My client’s “angel” owned a 5 bedroom 3 bathroom home with the requisite equity to post a property bond for my client. My client was released by the court and ordered to participate in a residential treatment program called, Amicus House. He also participated in private individual counseling with my favored therapist, Ken Deaver. Mr. Deaver was formerly a probation office in Monterey County with much experience in the criminal justice system.

My client did well in Amicus House. He did not do great as I hoped he would. But, he did his assignments and graduated the program. He did benefit from the counseling with Ken Deaver. My client and his benefactor (angel) gave me a photo album’s worth of pictures of my client, who was a stand-out football player for Milpitas High School. He was so good, in fact, that he was recruited to Bellermine High School in San Jose, where he played for a year before returning to Milpitas High School.

After high school, he played college football for a year before getting injured and dropping out of college.
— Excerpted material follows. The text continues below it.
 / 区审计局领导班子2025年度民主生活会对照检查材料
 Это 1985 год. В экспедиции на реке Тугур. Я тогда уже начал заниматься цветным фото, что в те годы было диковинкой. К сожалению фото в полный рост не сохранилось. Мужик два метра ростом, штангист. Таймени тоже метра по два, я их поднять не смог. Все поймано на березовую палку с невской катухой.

It was while in college that he began using marijuana with his teammates, all of whom lived a Rastafarian life-style. Indeed, when I met my client he had very long dreadlocks. I could not resolve how my client could have mutated into a robbery client. This time it was Mr. Deaver who uncovered that my client’s biological father was killed (murdered) at the high school graduation party of his younger brother, (my client’s uncle) when my client was 3-years old.
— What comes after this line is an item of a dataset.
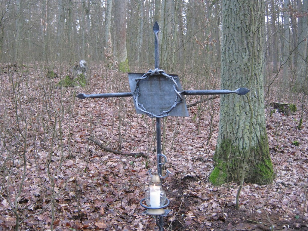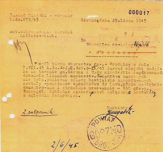 Notatka dotycząca zbrodni hitlerowców na mieszkańcach gminy Górzno. Krzyż w miejscu mordu i pogrzebania zwłok zamordowanych mieszkańców Zaborowa. Znajduje się on 30 metrów za nowo powstałym pomnikiem po prawej stronie. Wiosną i jesienią można pod krzyżem zauważyć już ledwo widoczne zagłębienia po mogiłach.

My client’s mother remarried when my client was 6-years old. He had a step-brother close in age. But his step-father treated him unkindly, always favoring the step-brother and putting him down except when he excelled in football. My client’s mother never intervened on his behalf related to the inequities in how the boys were treated. My client’s football injury and his subsequent marijuana abuse tore down his relationship with his parents.

Ken Deaver’s therapeutic report was amazing (as always) and was enough to convince a judge to take a risk on my client. The judge suspended 7-years of state prison and granted probation and gave him credit for time served of 78 actual days with good time work time and additional credit for the time he was in residential drug treatment.

On a side note: The co-defendant driver of the “get-away” vehicle was ready to plead no contest to at least 2 of the robberies for a 3-year state prison deal. When his attorney found out that I was hoping for a suspended state prison sentence and a grant of probation, he continued the case to trail my client’s case to wait for the outcome. Co-defendant’s attorney thought his client was less culpable than my client, who actually entered both stores. Both clients were granted probation and the co-defendant’s parents thanked my client and me for the work my client had done that clearly benefitted their son.

My client is fully employed. He is now married and he and his lovely wife have a little girl. He will soon successfully complete probation. He has reconciled with his parents. His guardian angel has maintained contact with me and with my office and “believes in miracles.”